The review of the exhibition in Mechelen was written by Tony Van Dorst, which brings me back to ‘Gordura Vegetal Hidrogenada’, the famous dematerialized CD from 1995. Tony was so enthusiastic about the non-existent record that he made versions of it on cassette, 8-track, memory card, stamp and even a digital version. Anyone who scanned the QR code of the digital code received a message that their files have also just vanished.
I am already flattered that Tony writes that, despite my very recent introduction to Reynols, I started the interview well prepared. I remember there was some stress. The intention was to do an interview with guitarist Alan Courtis, who was present in Mechelen, but also with second guitarist Roberto Conlazo, who would participate via a connection from Buenes Aires in Argentina.
Because there was a very strict time limit on the internet connection, and the duo was also scheduled to perform within this time frame, I had to improvise a bit and had to choose the most relevant questions on my list. After the performance I had the opportunity to ask Alan Courtis some more questions, but unfortunately the structure of the interview was ruined. On the other hand, there is no shortage of topics for discussion with Reynols, and the audience seems to have appreciated our conversation.
What worked well, despite the time limits, was the performance, synchronized from Mechelen and Buenos Aires. I assume that such a performance from two locations was not a scoop for Reynols, especially not in the aftermath of Covid, but it fits perfectly within the group's philosophy. Laurent Cartuyvels and Tony Van Dorst had the ingenuity to ask Courtis if they were permitted to record the performance, and so their recordings ended up being released in the form of a mini-CD -a 3" CDR – I can't remember how long ago it was that I heard of this format – with TQ Zine 64 as a bonus.

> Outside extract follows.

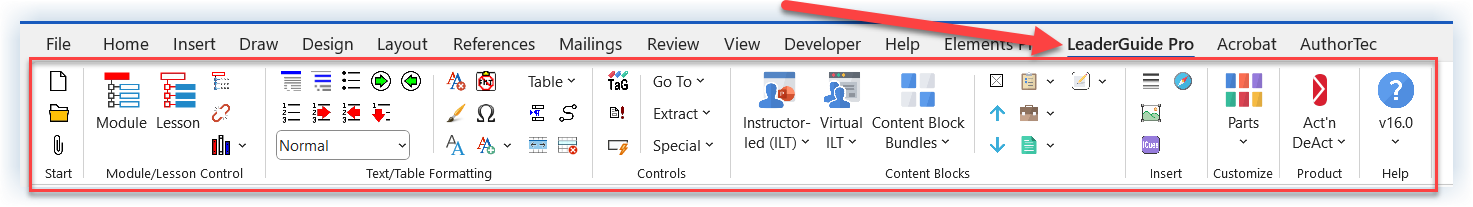 Keep the LeaderGuide Pro ribbon showing as you work in your LeaderGuide Pro document.

On Discogs I count 73 releases by the group, but that is without a doubt a gross underestimation. I've listened to quite a few of the group's more relevant works online, but this 3” CDR is the only physical record I own of the band. The exact quantity of this CDR release is unknown to me, but we do know that Courtis suggested that a minimum of three should be printed, so that this edition could also appear on Discogs.
The CDR contains an improvisation of about 17 minutes. It starts with a pre-recorded drum rhythm, of which it is initially unclear whether it comes from Miguel Tomasín, spiritual architect, drummer and singer of Reynols. Tomasín met Courtis and Conlazo during an improvisation session for people with disabilities. He introduced himself as the best drummer in the world and was promptly declared the figurehead of Reynols.
Within Reynols, Tomasín played an important role for many years, and his absurd view of the world inspired many of the band’s experiments. But Courtis emphasized that Tomasín’s role had been purely spiritual for some time, and that the group existed before Tomasín joined. In any case, Reynols was probably the first group with a frontman with Down syndrome.
Both guitarists go wild on the recording, which adds an additional dose of chaos. I can hear organ on the backing track, but also chaotic vocals, which perhaps, like the drums, come from Tomasín. Tomasín is therefore credited as contributing from ‘Space / Minecxio’. But whether it is really his contribution, and where and when it was recorded, I fear will remain a mystery for a long time.
I hope I haven't made you too eager to listen to this recording, because unfortunately it is only available to TQ Zine subscribers, and to myself as a rare exception. It's a recording of pure chaotic absurdity, and you can console yourself by listening to a lot of other and equally absurd recordings by Reynols. But if you want to listen specifically to this recording, you're in for a tough job.
PS: thanks to Tony Van Dorst for sending me the issue of TQ Zine and for helping me with the translation of this article.